Les bénéfices sanitaires liés à la réduction de l’exposition aux polluants atmosphériques à long terme sont considérables. La pollution toxique est en effet à l’origine de certains cancers, notamment le lymphome, la leucémie, le cancer du sein ou encore celui du foie, et peut même entraîner des décès prématurés. À l’échelle mondiale, environ 7 millions de personnes décèdent chaque année à cause de la pollution de l’air.
Les enjeux de santé publique méprisés
Il est essentiel de rappeler que la pollution de l’air a des conséquences directes et graves sur la santé humaine. En plus des cancers, l’exposition prolongée à des polluants atmosphériques peut causer des troubles du langage, des pertes auditives, des faiblesses musculaires ou dans la marche, des insomnies, ainsi que des modifications dans les réponses nerveuses et potentiellement la perte de mémoire. La présence de methylmercure, une forme très toxique de mercure formée par des bactéries dans l’eau et le sol, est particulièrement préoccupante. Elle peut affecter le développement du cerveau et du système nerveux des fœtus, et des enfants exposés durant la grossesse peuvent présenter des troubles cognitifs, des difficultés de mémoire, d’attention, de langage, ainsi que des déficits moteurs fins et spatiaux.
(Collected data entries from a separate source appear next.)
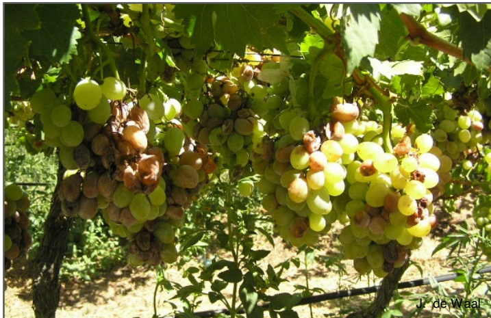
FCM feeding damage to grape bunches.

In addition to controlled releases of egg parasitoids, the CrleGV virus is commercially available as an IPM-compatible means of combatting FCM. Mating disruption, sterile insect technique and attract and kill techniques which utilize the pheromone together with an insecticide, are also IPM appropriate control measures. A large variety of chemicals are registered for use against FCM but should be used sparingly in order to preserve natural enemy populations.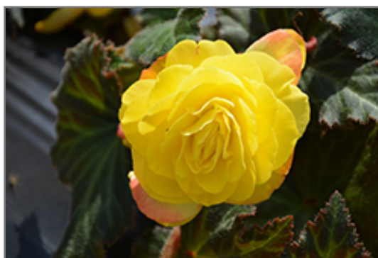
Nonstop Mocca Yellow Begonia flowers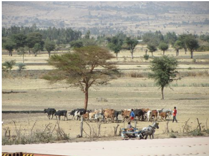
Debre Zeit, Ethiopia

Africa's competitive advantage is often in agriculture, with its relatively low population densities combined with large areas of arable land that are not used very intensively. Africa's land and population characteristics could assist the continent in reaching much higher levels of productivity, if more investment and better farming methods can be introduced in a sustainable way. Moreover, in international development cooperation and Dutch policy in particular, there is a renewed emphasis on the role of the private sector in fostering development. At the same time there is increasing recognition that the private sector should live up to responsible business standards so that the social and environmental risks of doing business – for example in terms of competition for land and resources with local populations - are lowered. This has led to a new frontier where businesses are no longer considered to be stand-alone operations intent on making profits without further societal and environmental commitments.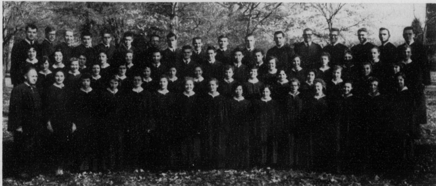
The Guilford College A Cappella Choir

Each year Guilford College selects the Miss and Mr. Representative Future Teacher to be presented at the Annual Convention of the North Carolina Education Association. They are chosen on the basis of such qualities as intelligence, enthusiasm, integrity, leadership, emotional stability and general understanding in the field. This year the convention will be held at Wilmington, North Carolina from March 21-23.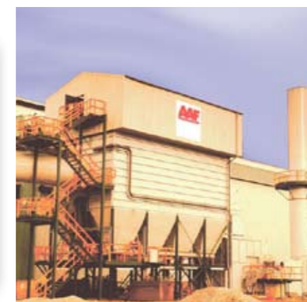
Custom Field erected Baghouse on cement mill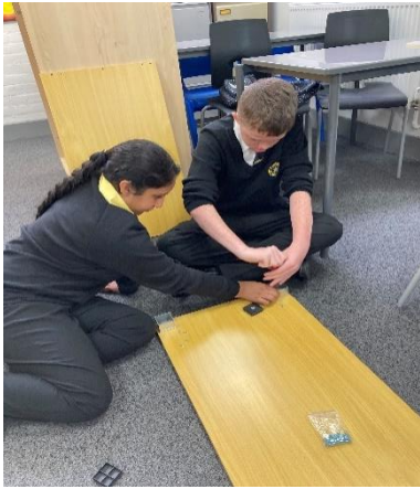
Life Skills – Building Furniture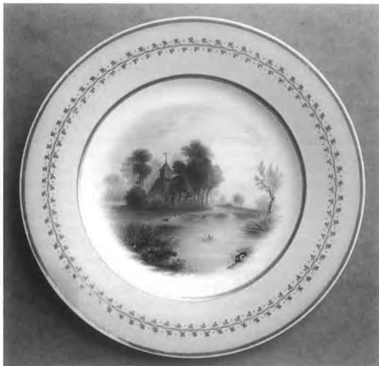
FIGURE 1 The Boveney Plate.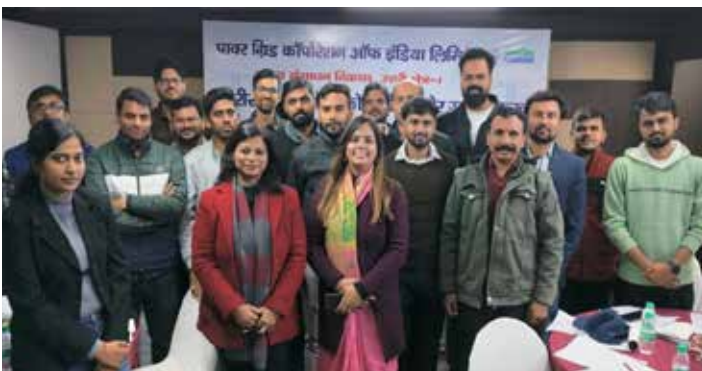
Holistic Wellbeing (KRIBHCO) 30 November - 3 December 2023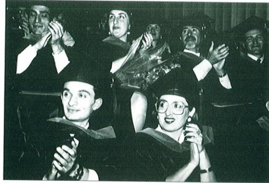
Graduates during 1993 Commencement.

PETE WILSON Governor, State of California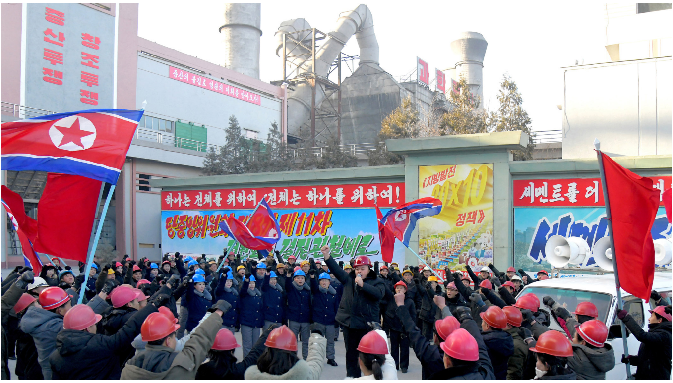
Workers pledge to attain the goal for increasing cement production at the Sangwon Cement Complex.

Bearing in mind that the way for increased production to attain the ambitious goal with the existing capacity is to attach importance to science and technology, officials of the complex have worked out detailed monthly, daily and shift plans and are pushing ahead with their implementation by relying on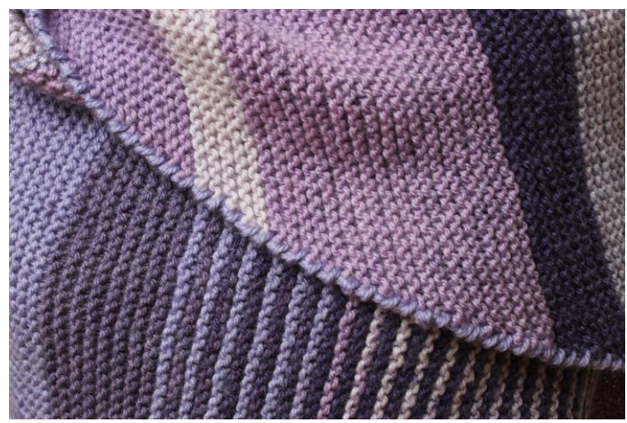
Instruction – crab stitch (reverse sc).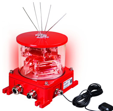
Patents: EP 1966535B1 & US 7816843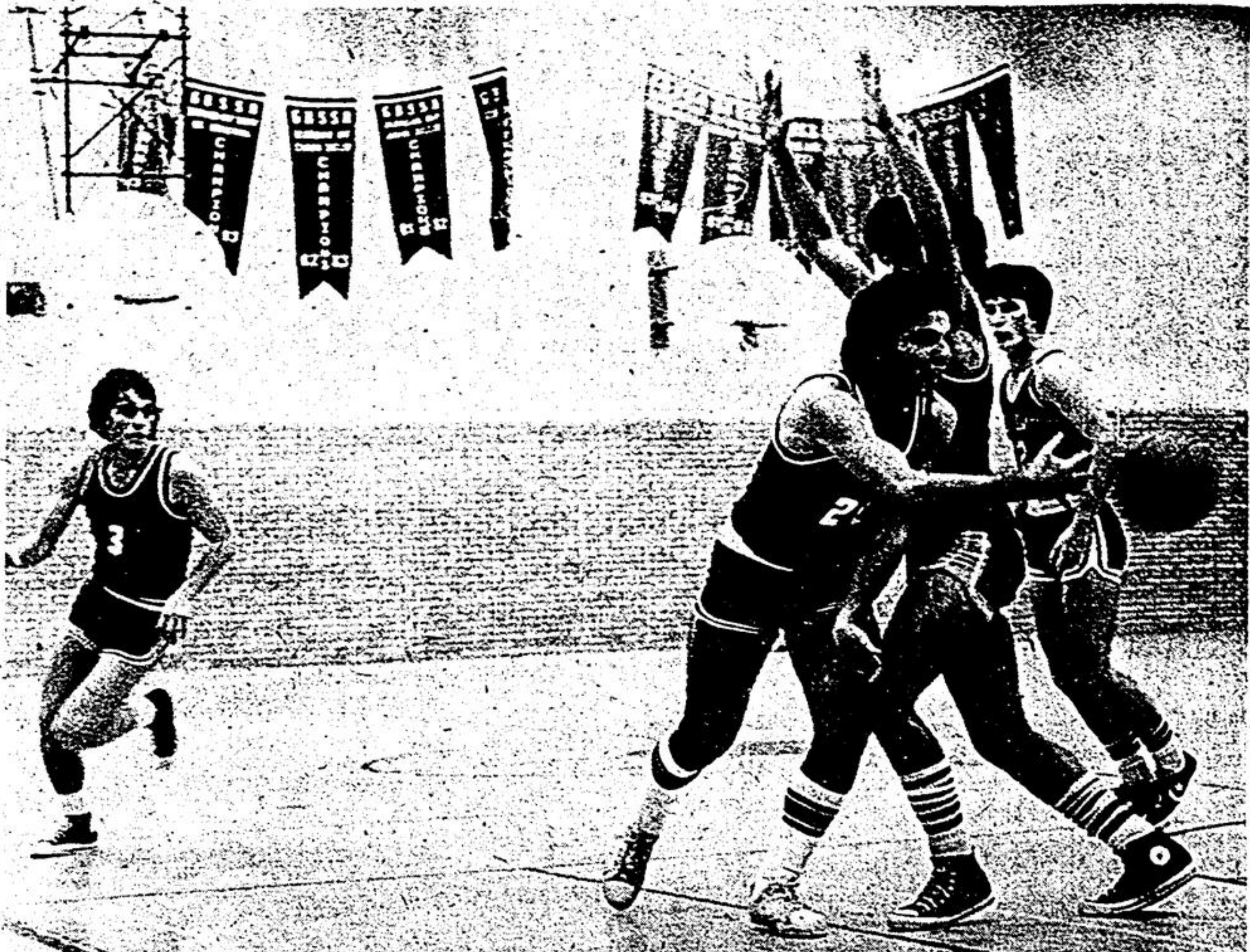
Stouffville's senior basketball team ran into the rough G.W. Williams squad from Aurora last week and came away with a tough 43-50 loss. Stouffville led for most of the game but wilted a little at the end. The Stouffville player above tries a neat back pass as the Williams opponent keeps a very close guard on him.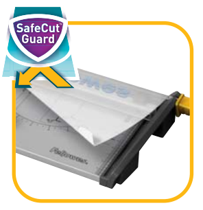
Pre-assembled SafeCut<sup>™</sup> guard prevents setup error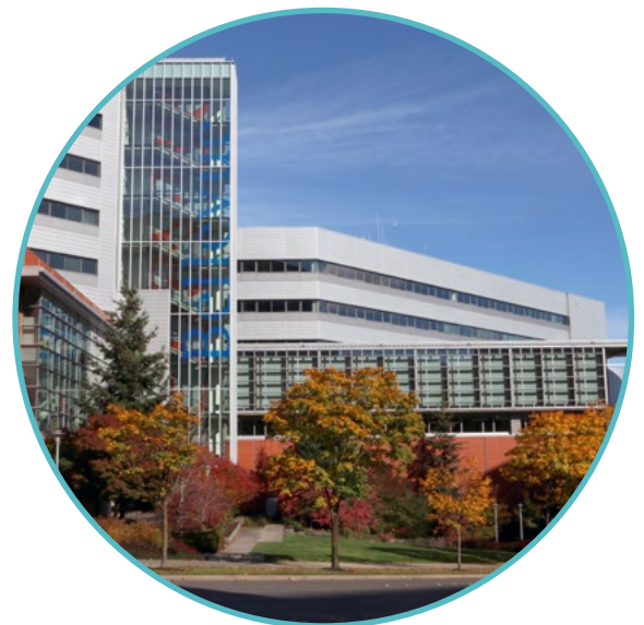
Bellevue City Hall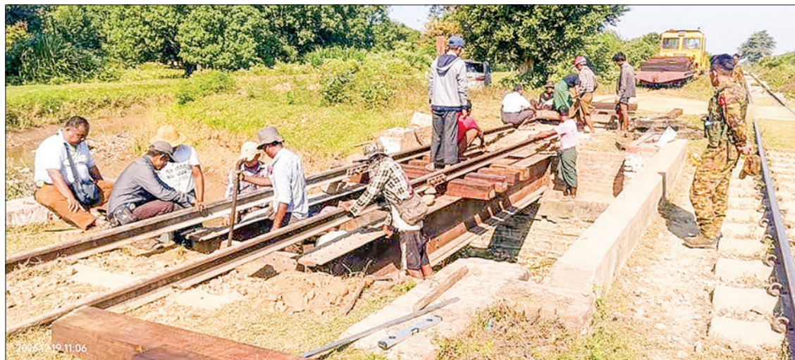
MR employees diligently repairing damaged rail sections for the smooth and fast public transport.

PDF terrorists attacked with landmines near bridge No 736, Mileposts 353/3 and 353/4, between the Minsu Station and Kyaukse Station, Kyaukse Township, Mandalay Region, yesterday.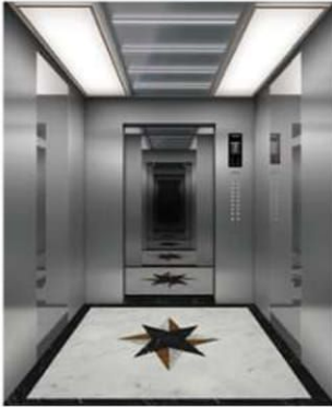
Front side view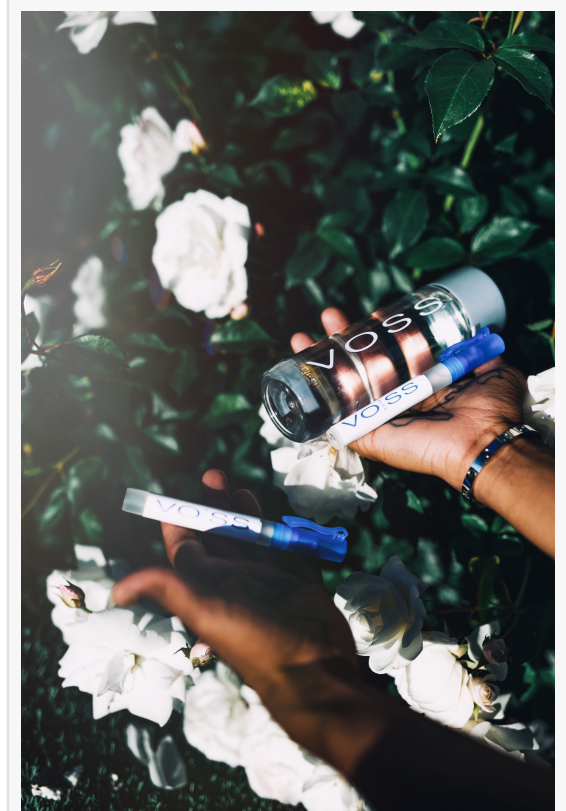
VOSS "Clean Care Packages" containing 24 bottles of VOSS water and hand sanitizer are available to those in need as the impact of the coronavirus pandemic continues to evolve.

VOSS will also continue to offer “Clean Care Packages” containing twenty-four 330ml bottles of VOSS water and hand sanitizer to individuals in need. Those in need of these resources can request a care package by sending a direct message to @VOSSWorld on Instagram; the company will fulfill three requests per day while supplies last.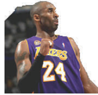
Kobe Bryant 2008 MVP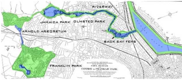
Figure 2: Olmsted archives, Boston Park System

Olmsted's plan for Boston's park system, known as the «Emerald Necklace» consists of several small parks that are linked by tree-lined roads called parkways. This concept of separate but connected parks provided a way to link newly-added areas to the traditional city center while providing several forms of recreation for area inhabitants such as pleasure driving, picnicking, and hiking [figure 3].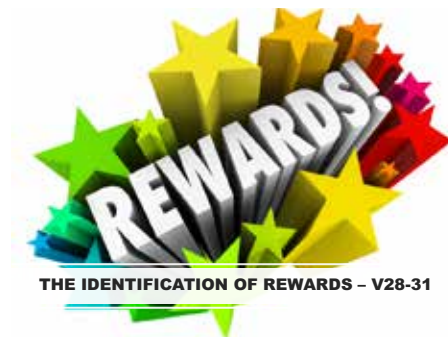
THE IDENTIFICATION OF REWARDS – V28-31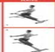
REAR DELTOID RAISE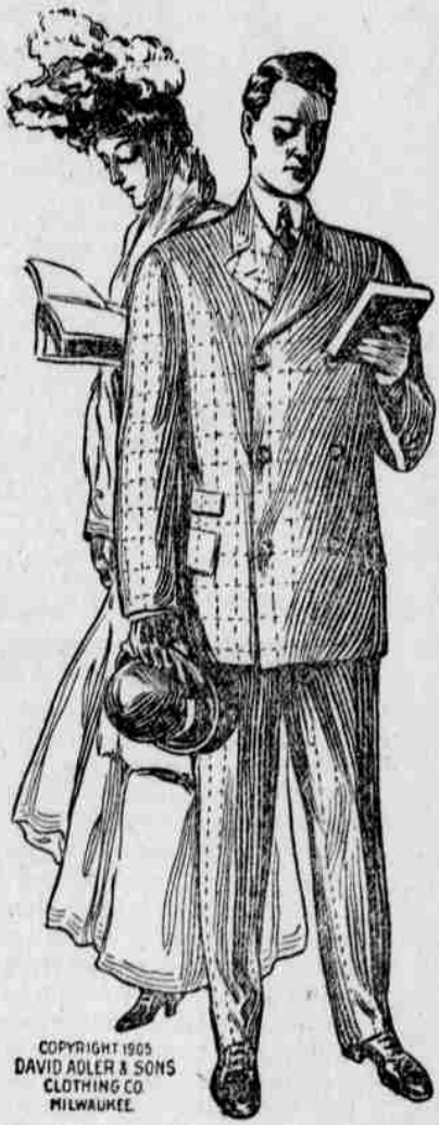
COPYRIGHT 1905 DAVID ADLER & SONS CLOTHING CO MILWAUKEE

Un fondement juridique contesté
Les critiques affirment que la nouvelle proposition est « dépourvue de fondement juridique ». L’administration Trump avait déjà qualifié de telles normes en tant qu’« objectif nécessaire » pour retrouver la maîtrise de l’énergie américaine, en supprimant les contraintes jugées excessives sur les centrales au charbon. Elle justifiait cette démarche par la nécessité de protéger la santé et l’environnement, en affirmant que ces règlements restreignaient injustement l’industrie énergétique. Cependant, de nombreux experts et organisations environnementales dénoncent que ces modifications reviendraient en réalité à fragiliser la réglementation en matière de pollution et à compromettre la santé publique.
Selon le Sierra Club, un organisme écologique de base, le rétablissement des normes limitant les émissions issues des centrales au gaz et au charbon aboutirait à une augmentation sept fois supérieure des émissions de CO2 par rapport à ce qui est actuellement libéré. Patrick Drupp, directeur des politiques climatiques du Sierra Club, a déclaré : « Cette abolition signifierait plus de catastrophes climatiques, davantage de crises cardiaques, d’attaques d’asthme, de malformations congénitales, et de décès prématurés. »
Howard Frumkin, ancien directeur du Centre national pour la santé environnementale du CDC, a averti que ces mesures entraîneraient des « conséquences majeures et immédiates » pour la santé et le bien-être des citoyens, insistant sur le fait que « des Américains mourraient inutilement ».
Vickie Patton, conseiller juridique général du Fonds de défense de l’environnement, a de son côté souligné que ces rollbacks mèneraient à une augmentation des maladies, ce qui se traduirait par plus d’absences à l’école et au travail, davantage de consultations médicales et d’hospitalisations, ainsi qu’une croissance des coûts liés aux soins de santé.